PROBLEM —
In the entries that follow, repeat exactly the lines from the one that has "Tankarna går direkt" through the one that has "Bagian ini menunjukkan", but omit pictures.

INFORMATION SHOWN —
# # #
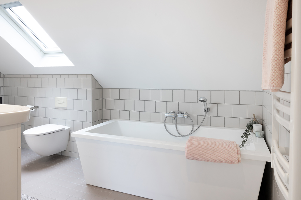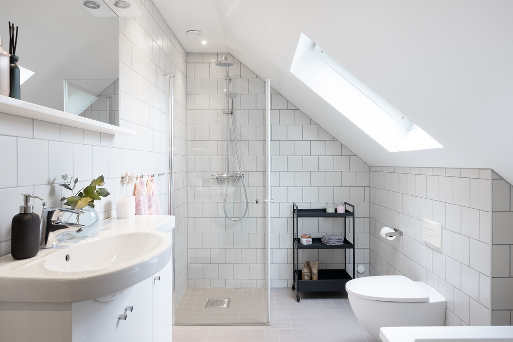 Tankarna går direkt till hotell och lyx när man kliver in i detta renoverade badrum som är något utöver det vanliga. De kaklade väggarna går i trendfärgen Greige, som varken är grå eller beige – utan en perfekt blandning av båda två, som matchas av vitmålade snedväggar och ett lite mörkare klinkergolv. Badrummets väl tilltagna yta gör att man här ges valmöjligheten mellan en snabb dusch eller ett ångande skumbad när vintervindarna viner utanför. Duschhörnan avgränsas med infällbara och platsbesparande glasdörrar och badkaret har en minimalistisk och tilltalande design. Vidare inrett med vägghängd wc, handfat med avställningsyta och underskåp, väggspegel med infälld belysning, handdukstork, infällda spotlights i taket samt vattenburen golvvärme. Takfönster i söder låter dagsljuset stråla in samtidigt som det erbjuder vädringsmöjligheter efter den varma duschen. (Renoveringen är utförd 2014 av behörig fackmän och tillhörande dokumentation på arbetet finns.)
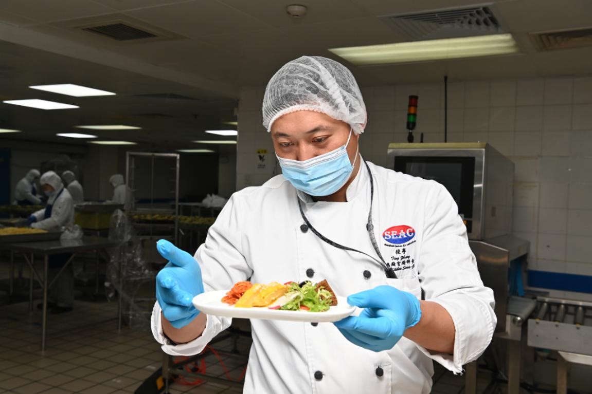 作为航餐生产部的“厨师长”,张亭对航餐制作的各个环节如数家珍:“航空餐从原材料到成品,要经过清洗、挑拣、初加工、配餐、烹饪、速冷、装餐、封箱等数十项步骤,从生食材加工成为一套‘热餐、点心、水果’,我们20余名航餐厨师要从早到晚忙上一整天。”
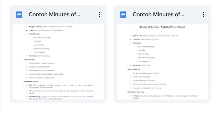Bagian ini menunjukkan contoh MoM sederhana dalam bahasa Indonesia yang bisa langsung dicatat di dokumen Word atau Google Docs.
# # #
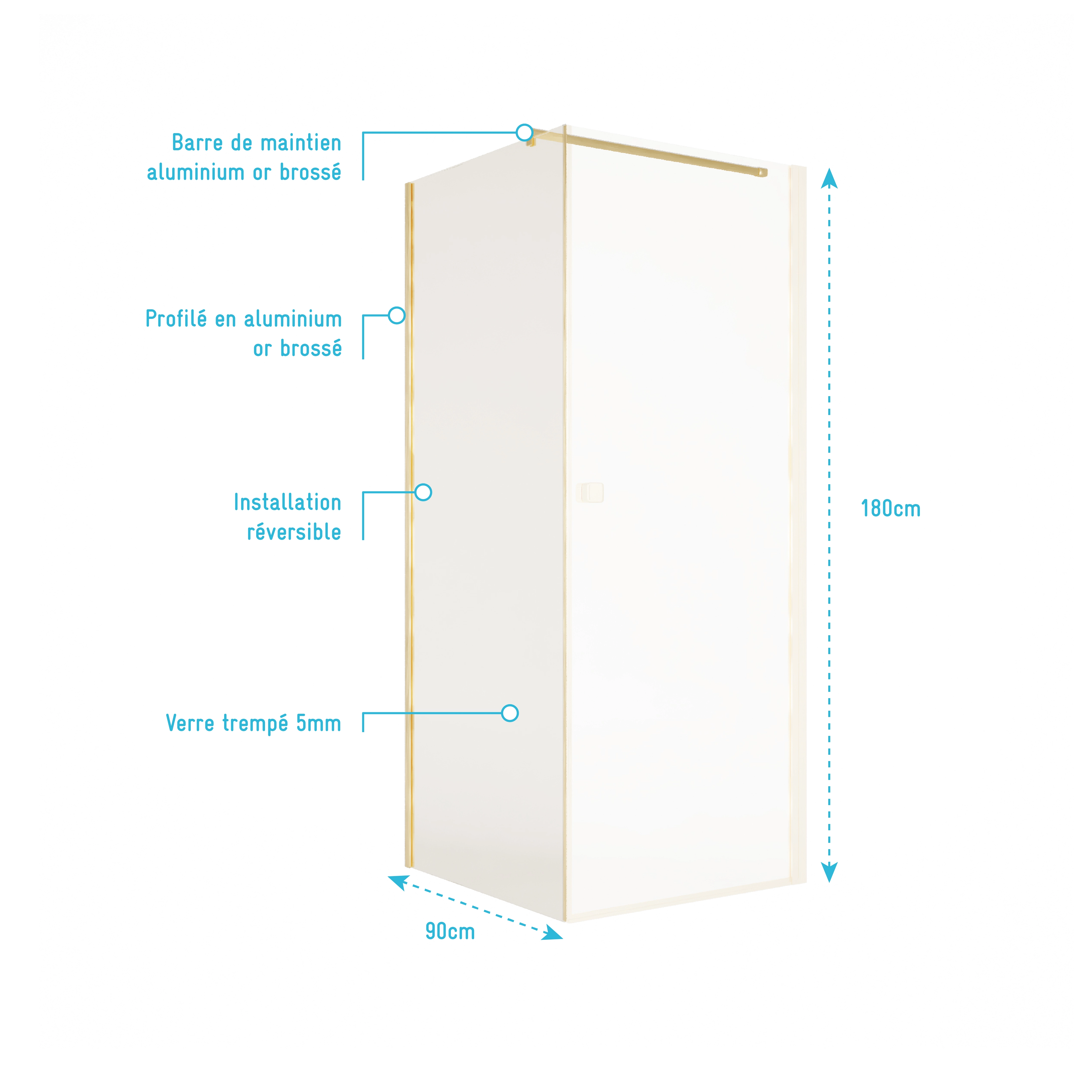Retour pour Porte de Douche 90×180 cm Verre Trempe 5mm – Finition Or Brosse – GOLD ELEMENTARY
# # #
ANSWER FOR THE TASK —
 Tankarna går direkt till hotell och lyx när man kliver in i detta renoverade badrum som är något utöver det vanliga. De kaklade väggarna går i trendfärgen Greige, som varken är grå eller beige – utan en perfekt blandning av båda två, som matchas av vitmålade snedväggar och ett lite mörkare klinkergolv. Badrummets väl tilltagna yta gör att man här ges valmöjligheten mellan en snabb dusch eller ett ångande skumbad när vintervindarna viner utanför. Duschhörnan avgränsas med infällbara och platsbesparande glasdörrar och badkaret har en minimalistisk och tilltalande design. Vidare inrett med vägghängd wc, handfat med avställningsyta och underskåp, väggspegel med infälld belysning, handdukstork, infällda spotlights i taket samt vattenburen golvvärme. Takfönster i söder låter dagsljuset stråla in samtidigt som det erbjuder vädringsmöjligheter efter den varma duschen. (Renoveringen är utförd 2014 av behörig fackmän och tillhörande dokumentation på arbetet finns.)
 作为航餐生产部的“厨师长”,张亭对航餐制作的各个环节如数家珍:“航空餐从原材料到成品,要经过清洗、挑拣、初加工、配餐、烹饪、速冷、装餐、封箱等数十项步骤,从生食材加工成为一套‘热餐、点心、水果’,我们20余名航餐厨师要从早到晚忙上一整天。”
Bagian ini menunjukkan contoh MoM sederhana dalam bahasa Indonesia yang bisa langsung dicatat di dokumen Word atau Google Docs.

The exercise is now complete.